Григорович, развивая идеи Востокова, предпринял попытку выстроить модель методологического синтеза, при котором славянские культуры в их историческом развитии становятся единым текстом, прочитываемым славяноведением с помощью инструментария целого ряда гуманитарных наук. Эта модель могла стать научной основой комплексных исследований славянского мира. Как показала история науки, славяноведение по этому пути не пошло, избрав стратегию накопления фактов и все большей специализации. Это развело в методологическом плане последующие поколения славяноведов с первоначальным проектом науки – славяноведческий комплекс сохранялся лишь на уровне декларации, придающей славистике особый идеологический интерес и позволяющей оставаться внутри процесса нациестроительства.

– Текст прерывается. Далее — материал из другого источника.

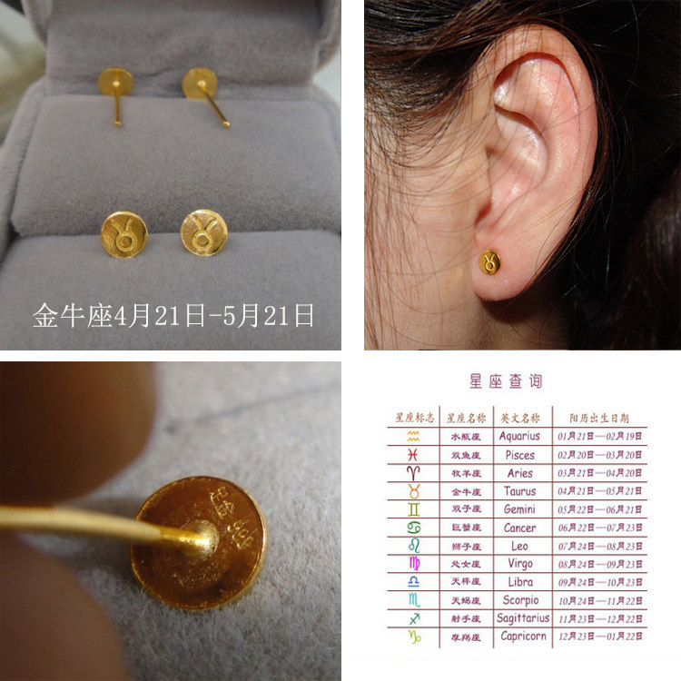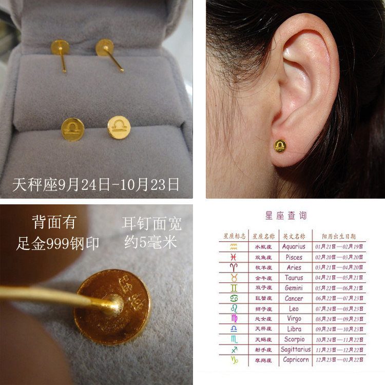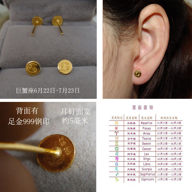 Gold constellation earrings 999 pure gold libra pure gold Taurus earrings couple men and women cancer earrings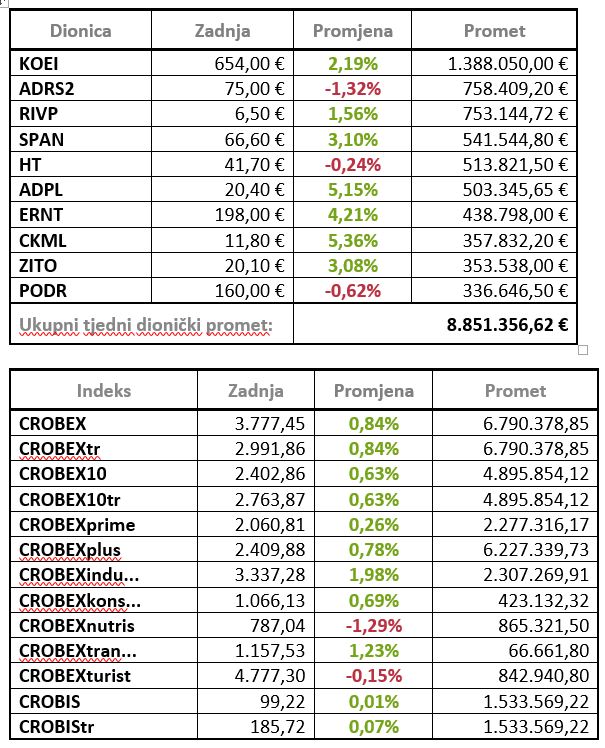 Ključni dionički indeksi zaključili su rastom te je CROBEX u tjednom plusu za 0,84 posto zaključio na 3.777,45 bodova dok je CROBEX10 zabilježio tjedni rast od 0,63 posto i završio na 2.402,86 bodova.

Поэтому методологические идеи Григоровича – последователя Востокова, как и их практическая реализация в научных трудах, оказались не просто невостребованными, но породили мощный историографический негатив, что объясняет механизм «внутреннего» разрыва традиции как схоларной практики, при которой процесс школообразования идет через отрицание потенциальным лидером самой возможности школы.

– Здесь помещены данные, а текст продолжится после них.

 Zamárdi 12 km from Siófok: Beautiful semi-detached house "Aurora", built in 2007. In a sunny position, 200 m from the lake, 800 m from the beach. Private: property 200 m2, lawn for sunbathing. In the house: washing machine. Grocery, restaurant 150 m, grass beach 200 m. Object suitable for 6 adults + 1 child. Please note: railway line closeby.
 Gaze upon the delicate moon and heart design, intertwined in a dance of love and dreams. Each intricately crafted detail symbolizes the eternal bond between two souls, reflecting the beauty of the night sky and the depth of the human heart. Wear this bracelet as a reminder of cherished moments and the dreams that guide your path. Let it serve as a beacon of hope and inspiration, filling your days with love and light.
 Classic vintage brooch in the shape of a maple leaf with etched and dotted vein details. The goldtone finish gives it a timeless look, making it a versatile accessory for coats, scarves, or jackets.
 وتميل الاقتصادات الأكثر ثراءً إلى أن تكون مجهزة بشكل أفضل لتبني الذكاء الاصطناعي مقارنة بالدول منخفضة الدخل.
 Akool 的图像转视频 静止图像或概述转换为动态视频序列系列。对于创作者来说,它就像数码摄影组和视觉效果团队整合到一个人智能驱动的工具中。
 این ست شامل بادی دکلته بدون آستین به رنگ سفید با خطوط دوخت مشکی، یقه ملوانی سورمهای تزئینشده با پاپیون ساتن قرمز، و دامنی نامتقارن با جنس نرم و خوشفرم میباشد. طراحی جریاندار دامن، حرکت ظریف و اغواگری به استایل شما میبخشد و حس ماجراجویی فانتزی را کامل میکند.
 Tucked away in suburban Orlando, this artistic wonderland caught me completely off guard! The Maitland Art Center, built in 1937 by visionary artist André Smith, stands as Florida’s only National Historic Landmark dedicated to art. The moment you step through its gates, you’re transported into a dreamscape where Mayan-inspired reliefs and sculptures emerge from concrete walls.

После отъезда Григоровича из Казани в 1863 г.36 его преемником в университете стал ученик профессора М. П. Петровский. Его работы были посвящены славянской диалектологии, истории славянских литератур, переводам со славянских языков. Невозможность расширять исследования, базирующиеся на средневековых источниках, Петровский (как и Григорович) объяснял сложностью предмета, требующего знания специфических, малоизвестных в России языков, и отсутствием в провинциальном университете необходимых источников и научной литературы по непопулярному у студентов предмету. Однако так «проговариваются» в источниках причины внешние. Внутренний разрыв традиции – момент разрыва Григоровича с Казанью, который произошел, когда ученый счел невозможным дальше бороться за утверждение школы. Он уезжает в новооткрывшийся университет не с целью избавиться от связей со старой устоявшейся корпорацией, а в результате ставшего очевидным методологического кризиса славистики. Новое место позволяет ученому, оставаясь одиночкой, освоить совершенно новый корпус источников и быть ближе к изучаемому объекту. Показательно и то, что оставшийся в Казани Петровский значительную часть своих трудов посвятил комментированию и введению в научный оборот остававшихся непонятыми и недооцененными методологических идей своего учителя. Но и Петровский в итоге использует ту же стратегию: в 1885 г. он досрочно вышел в отставку и посвятил себя исключительно научной деятельности. Член-корреспондент Академии наук с 1895 г., заграничный член Чешской Академии наук, литературы и искусств императора Франца Иосифа с 1899 г., М. Петровский изучал славянскую диалектологию, переводил со славянских языков в стихах и прозе (около двухсот произведений), сотрудничал в славянофильской прессе, перевел «Историю сербохорватской литературы» И. В. Ягича, писал историографические работы (в том числе о В. И. Григоровиче)37, издавал памятники славянской письменности, переписывался и сотрудничал с крупнейшими европейскими славяноведами.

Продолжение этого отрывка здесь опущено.